Problem Solving part 2 – an old AIME problem

[note: I’m up in Boston today and decided to take a trip to the MIT library to check out a book that Jordan Ellenberg mentions in his book “How not to be Wrong.” I didn’t know the MIT libraries were closed until 11:00 am today (they used to be open 24 hours!!), so I wrote this post fairly quickly in the hour I had to kill waiting for the library to open!. Sorry if it seems rushed – it sort of was!]

I few months ago I wrote about Tim Gowers live blogging his solution to one of the IMO problems:

Problem Solving and Tim Gowers’s live blogging an IMO problem

I thought that live blogging problem solving was a good idea because I think that kids (and everyone) needs to see that most solutions you get to problems aren’t the super perfect “official solutions” and don’t come to mind immediately. In that post I talked through my solution to a number theory problem that David Radcliffe had put on Twitter. Today’s blog is my second attempt at live blogging a problem. I saw today’s problem in Art of Problem Solving’s Precalculus book in the chapter 8 challenge problems.

It also happens to be problem 15 from the 1991 AIME – see the bottom of the page here:

The 1991 AIME Problems hosted by Art of Problem Solving

Here is the problem:

For a positive integer n define S_n to be the minimum value of the sum:

\sum_{k = 1}^{n} \sqrt{ (2k - 1)^2 + a_{k}^{2} }

where a_1, a_2, \ldots, a_n are positive real numbers whose sum is 17. There is a unique positive integer n for which S_n is also an integer, find this n.

 

The “live blogging” of my solution is below:

Background:

I had a nice (and short) discussion on twitter with Patrick Honner about Art of Problem Solving’s Precalculus book. I personally like this book because of chapter 8 – the geometry of complex numbers. This chapter, and in particular section 8.5, has content that I’ve not seen anywhere else.

Following that discussion, I grabbed my copy of the book to take a fresh look at chapter 8. I ended up back in the challenge problems and the problem I’m writing about today caught my eye.

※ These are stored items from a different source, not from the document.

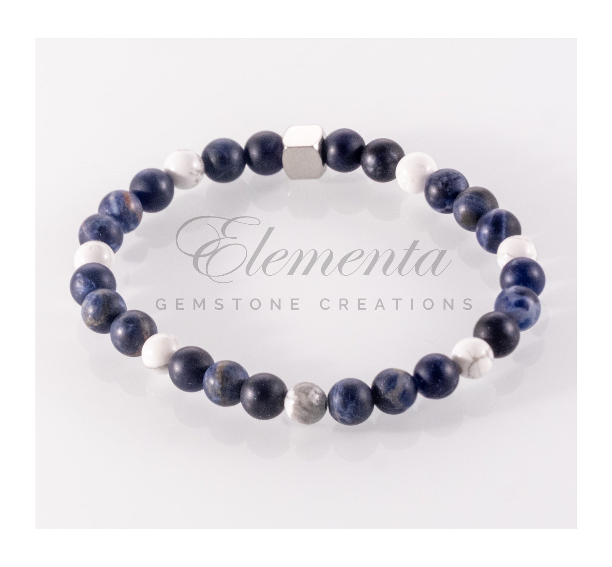 Elastische armband van sodaliet (mat), howliet en zilver element.
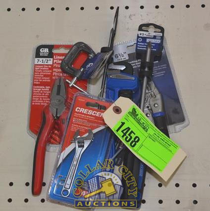 ASSORTED TOOL LOT OF LINEMAN'S PLIERS, SCREWDRIVERS, SMALL PIPE WRENCH, ETC.
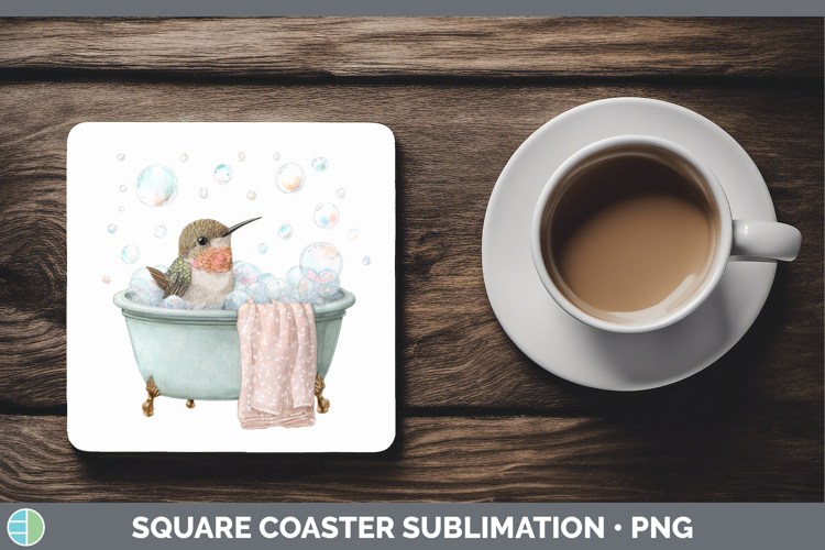 Hummingbird Bathtub Square Coaster Sublimation Design
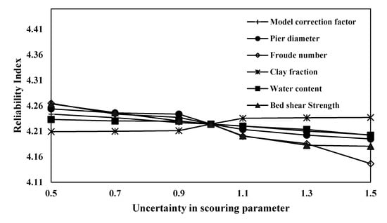 After the evaluation of the proposed simulation methods for solving the problem of the local scour of a bridge pier, the influence of the different parameters included in the LSF (Equation (6)) formulation on the reliability index was carried out. The influence of the scouring parameters on the reliability index was investigated for variations in a range from 0.5 to 1.5 (i.e., 50–150%). These parameters include the model’s correction factor (), pier diameter (D), Froude number (), clay fraction (C), water content (Wc), and bed shear strength (). The results of the sensitivity analysis against uncertainties are plotted in Figure 9. From the results, it should be clear that the reliability index value decreases with an increase in the uncertainties from 0.5 to 1.5 for the Froude number, bed shear strength, and water content. Based on the reported analysis results, it can be seen that the Froude number has the greatest impact on the reliability index compared to the other input variables. In this way, with increasing uncertainty of from 0.5 to 1.5, the reliability index decreased from 4.26 to 4.14. In other words, the scour depth increases with an increase in the Froude number. Thereafter, the bed shear strength, clay fraction, and water content affect the bridge pier, causing failure. The bed shear strength and the pier diameter have a similar behavior to the Froude number with regard to their uncertainty in scouring. In contrast, with uncertainty increasing in the clay fraction, the reliability index slightly increases, so at first, with an uncertainty of 0.5, the reliability is 4.2, and in the end, with an uncertainty of 1.5, it is equal to 4.3.
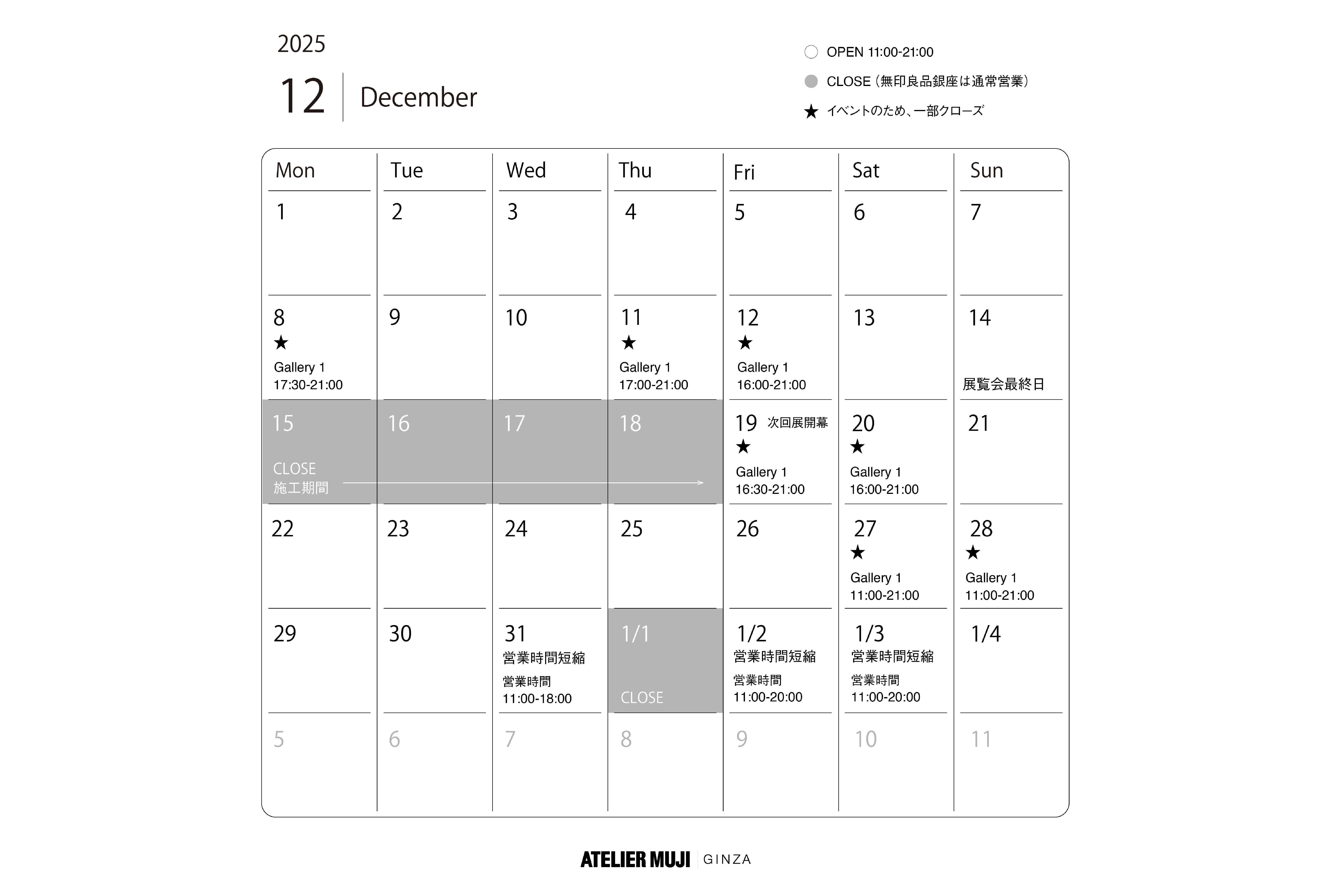 *無印良品 銀座 は通常営業です。
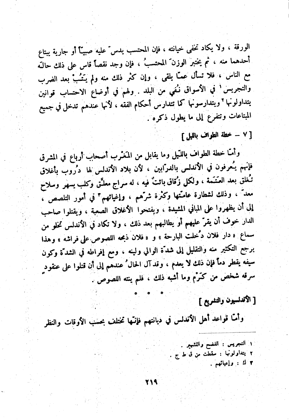 وأمّا خطة الطواف باللّيل وما يقابل من المغرب أصحاب أرباع في المشرق فإنهم يعرفون في الأندلس بالدرّابين، لأن بلاد الأندلس لها دروب بأغلاق تغلق بعد العتمة، ولكل زقاق بائت فيه، له سراجٌ معلّق وكلب يسهر وسلاح معدّ، وذلك لشطارة عامّتها وكثرة شرّهم، وإغيائهم (3) في أمور التلصص، إلى أن يظهروا على المباني المشيدة، ويفتحوا الأغلاق الصعبة، ويقتلوا صاحب الدار خوف أن يقرّ عليهم أو يطالبهم بعد ذلك، ولا تكاد في الأندلس تخلو من سماع دار فلان دخلت البارحة وفلان ذبحه اللصوص على فراشه وهذا يرجع التكثير منه والتقليل إلى شدّة الوالي ولينه، ومع إفراطه في الشدّة وكون سيفه يقطر دماً فإن ذلك يعدم، وقد آل الحال عندهم إلى أن قتلوا على عنقودٍ سرقه شخص من كرم وما أشبه ذلك، فلم ينته اللصوص.

My first reaction, frankly, was fear. Back in high school I’d not really understood analysis all that well, and did not have a good grasp of theorems that helped with this type of summation problem – the Cauchy Schwarz inequality, for example: The Cauchy-Schwarz Inequality. An “analysis” approach to this problem probably requires an even more general inequality – Hölder’s inequality – though I would not have known that in high school.

Whenever I see this type of problem, even today, I remember the fear of the analysis ideas that I had in high school. Funny how those old high school fears never seem to go away!

But wait – why would the Art of Problem Solving folks put an analysis problem in the chapter about the geometry of complex numbers? There must be a geometric solution here somewhere? Where is it?

So, let’s look at a few terms:

(1) n = 1. The “sum” is just one term \sqrt{1^2 + 17^2}. Certainly not an integer, but also certainly reminiscent of the Pythagorean theorem and a right triangle with legs of length 1 and 17.

(2) n = 2. The sum is now \sqrt{1^2 + a^{2}} + \sqrt{3^2 + (17 - a)^2}. Now there are two right triangles – one with legs 1 and a, and another with legs 3 and (17 - a). The sum of the integer length legs is 4, and the sum of the other legs is 17.

Oh, wait, I see what’s going on. The general case is going to have a bunch of right triangles whose “heights” always adds up to 17 and whose “lengths” will sum up to 1 + 3 + 5 + (2n - 1) = n^2.

See here for the sum of the odd numbers:

 

How cool! The minimum value of the sum we are being asked to consider is going to come when we can make all of the hypotenuses of these triangles form a straight line, and that length will be \sqrt{ (n^2)^2 + 17^2} from a “large” right triangle with length n^2 and height 17.

Sweet – per the statement of the problem, there must only be one right triangle with integer side lengths where one of the side lengths is 17. That shouldn’t be too hard to find.

We know there’s a 3,4,5 triangle, and a 5, 12, 13 triangle, and a 7, 24, 25 triangle – which helps see the pattern fairly quickly. For an odd number, you’ll get a right triangle with integer sides by finding two consecutive numbers that add up to the square of the odd number. From the three examples above: 4 + 5 = 3*3, 12 + 13 = 5*5, and 24 + 25 = 7*7.

So . . . 144 + 145 = 289 = 17*17, so there must be a 17, 144, 145 triangle. By luck 144 is a perfect square and we indeed have a right triangle with integer sides having one leg equal to 17 and the other leg equal to a perfect square.

That means the minimum value of the sum we were looking for is 145, and the value n for that particular triangle is 12.

Fun and super clever problem. Love the connection between geometry and algebra here – especially because the algebra side of this problem still makes me nervous 🙂

Most of the thoughts above were in my head – my “work” for the problem is in the picture below. I’m glad I saw the geometric solution before trying to dive into all of the analysis which, I assume, is way more grungy and way less of a fun solution.